Technology

When employers police your private life

In two recent cases, employees have been fired for personal, albeit distasteful, online activity

Michael Brutsch, a Texan who worked in financial services, and Justin Hutchings, a former Mr. Big and Tall employee from Ontario, have both been fired recently for messages they posted online, on their own time.

The cases of Brutsch (Reddit username: Violentacrez), who shared pictures of scantily clad, underage girls and images of women getting beaten on various forums called subreddits, and Hutchings, who posted a negative comment on Amanda Todd’s tribute page on Facebook, have raised tough questions over the extent to which HR departments may be called on to police employee behavior in the age of social media.

“Standard HR practice is now to, without question, Google people’s names, even before reference checks,” says Blaine Donais, president of the Workplace Fairness Initiative. But it may not stop there, as human resource professionals are increasingly using social media tools to monitor the non-work, private lives of staff; a trend blurring the lines between public and private, and exposing out-of-date labour legislation, say experts.

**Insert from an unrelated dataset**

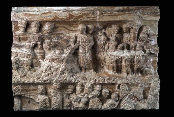 Lastra rettangolare scolpita divisa in due registri da una fascia centrale aggettante.
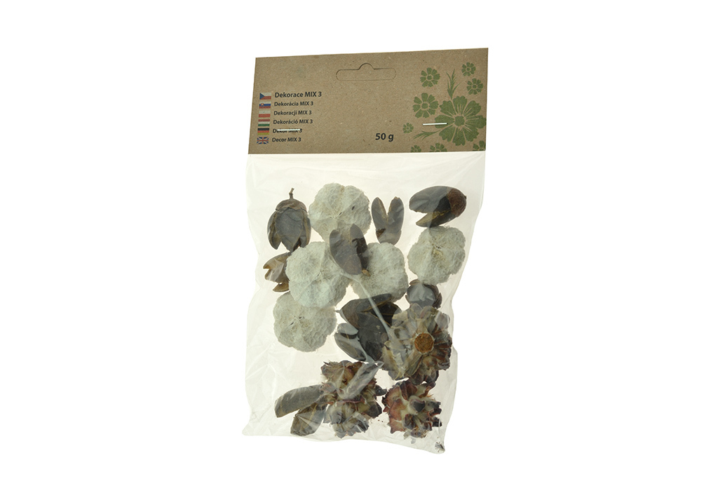 Mix sušené dekorace se skládá z 3 ks pubescens small, 15 g pau terra estrela a 15 g parras white. Sušina je vhodná k aranžování a dekoracím. Hmotnost: 50 g.

Unveiling the identities of the two trolls (a term used to describe someone anonymously posting extreme material on the Internet meant to elicit a strong reaction), resulted in both of them losing their jobs. Most would agree the comments and posts in question are distasteful and unworthy of defense, but the quagmire is in the complexities of an employer’s ability to police employees outside of office hours.

“In non-unionized work environments an employer can fire employees for almost any reason, provided adequate notice is given,” says David Doorey, professor of employment law at York University.

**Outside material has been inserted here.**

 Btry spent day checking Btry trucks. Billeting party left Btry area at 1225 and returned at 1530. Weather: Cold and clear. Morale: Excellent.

Online opinions can go viral; they can incite anger and create groundswells large enough to destroy and exploit lives, or, in Amanda Todd’s case, play a
tragic role in the end of a life.

Labour legislation explicitly addressing the consequences of posting offensive, radical content online may be a solution for dealing with cases like these, suggests Doorey, but such a move would stir debate over an individual’s right to free speech.

Both Brutsch and the Amanda Todd commenter wrote and posted using pseudonyms, a step some may see as them exercising due diligence in protecting their public identities (however reprehensible their actions).

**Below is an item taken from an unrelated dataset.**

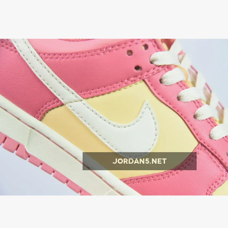 Equipped with a full leather construction on the upper, this Nike Dunk Low gets hit with a pastel orange hue on the side panels, toes, and mesh tongues. Strawberry effects are then added to the overlay system, tongue labels, and sockliner while cream tones are used on the Swoosh logos, lacing system, and rubber midsoles. A tonal shade comes in via the NIKE embroidery on the heel pad. A pink outsole completes the new design.

“The law struggles with a case like this, because what matters is whether the employer’s economic interests were harmed by the employee’s conduct, and not whether the employer disagreed with the content of the employee’s expression,” says Doorey.

Yishon Wong, the CEO of Reddit, went on record, defending Violentacrez against calls for his ban from the site. Wong’s argument was against censorship, and not a specific endorsement of what was posted. “If we think people ought not to lose their job for expressing their views on the Internet, we would need to legislate that,” says Doorey. “This could be done, easy enough.”

Ultimately, employees should assume their employers are monitoring their social media activity and, as such, should be mindful of what they post on the Internet, according to human resource professionals. “Our lives are public like they’ve never before been,” says Donais. ”And the connection between private and public life are very blurred. We live in a brave new world.”